The Lame, Evil Donors meme rolls on, this time in an op-ed in the Washington Post by Peter Singer, Heartwarming causes are nice, but let's give to charity with our heads.
Singer says donors make terrible choices when they donate to help sick kids through the Make-A-Wish Foundation rather than donating to a cause that saves lives. The $7,500 average cost of granting a wish (think the recent wonderful Batkid story), if spent on nutrition or disease prevention in the developing world, save a lot of lives.
Therefore, Singer reasons, a gift to Make-A-Wish is irrational and immoral.
Michael Rosen nicely (and quite fairly) skewers Singer's argument at Is it Ethical When an Ethicist Browbeats Prospective Donors?, calling it "coercive manipulation." Read it.
I don't trust myself to fully understand where my charitable giving really ought to go. I really don't trust Peter Singer or any other self-appointed Master of Morality to make those decisions for me. Or for the generous donors who fund all the great causes of the world.
The troubling thing about this is that Singer is just one voice in a puritan chorus that says something is wrong with donors. They are lame and evil, and they owe it to us to change.

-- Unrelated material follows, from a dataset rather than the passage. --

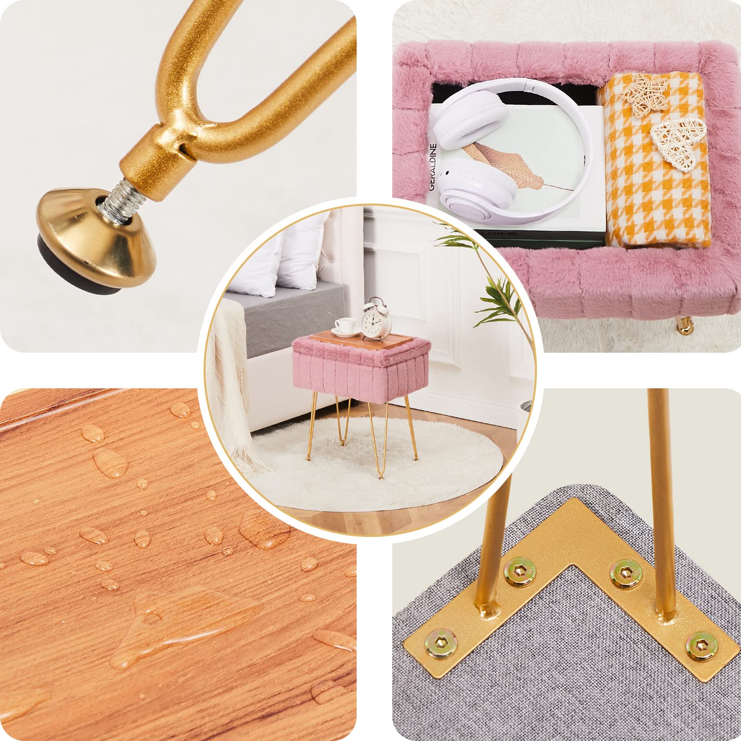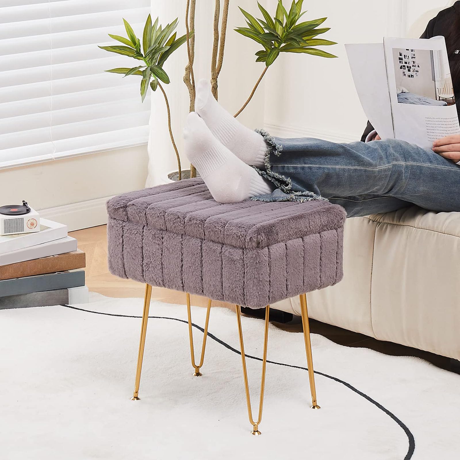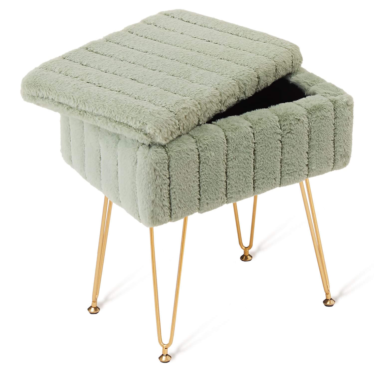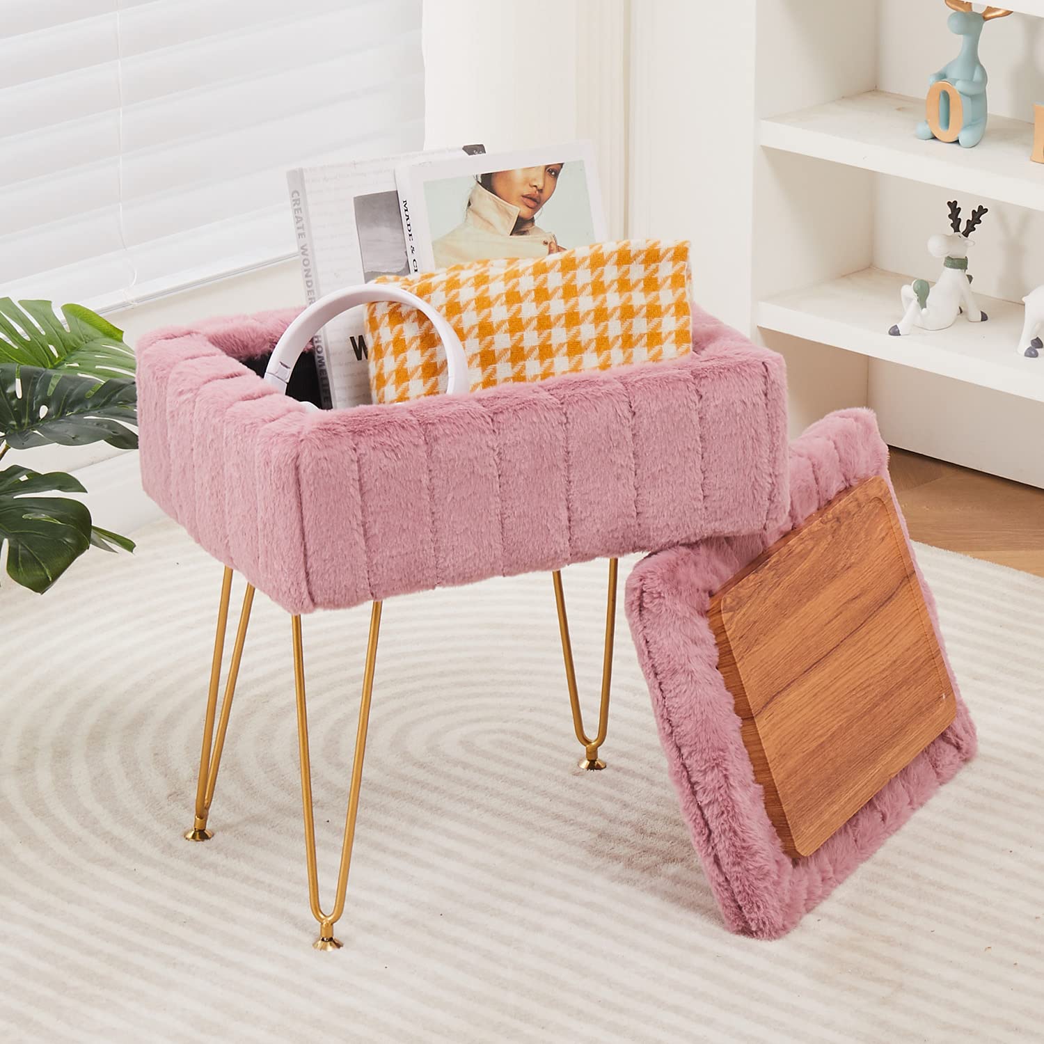 Wimarsbon Storage Ottoman, Vanity Stools with Metal Legs, 16.5" x 11.8" x 18" Modern Faux Mink Fur Footstool, Makeup Chair with Anti-Slip Feet, Accent Table,Footrest,Storage Bench for Bedroom

Any fundraiser who follows that line of thinking is doomed to create ineffective fundraising. Because they'll miss the reasons people give.
Our duty as fundraisers is to use resources wisely to maximize donor connection and donations. If we do crummy, ineffective, brow-beating fundraising, trying to remake donors into weird imitations of ourselves -- that's malfeasance.
Fundraisers who do that will go broke in a satisfying cloud of self-righteousness, which is far more immoral than any "misguided" thinking donors might be committing.
If you believe your cause is more important than some other cause, your job is to make it more compelling than other causes. And you do that by entering the donor's world, and appealing to them on their grounds -- not by deciding there's something wrong with donors and insisting that they change to fit your needs.
Every donor has a duty to make the world a better place. And to do that to the best of their ability, following their heart and mind. We can help them by showing them what they can do through us.
Trying to dictate how they should think won't work. We have no business in that business.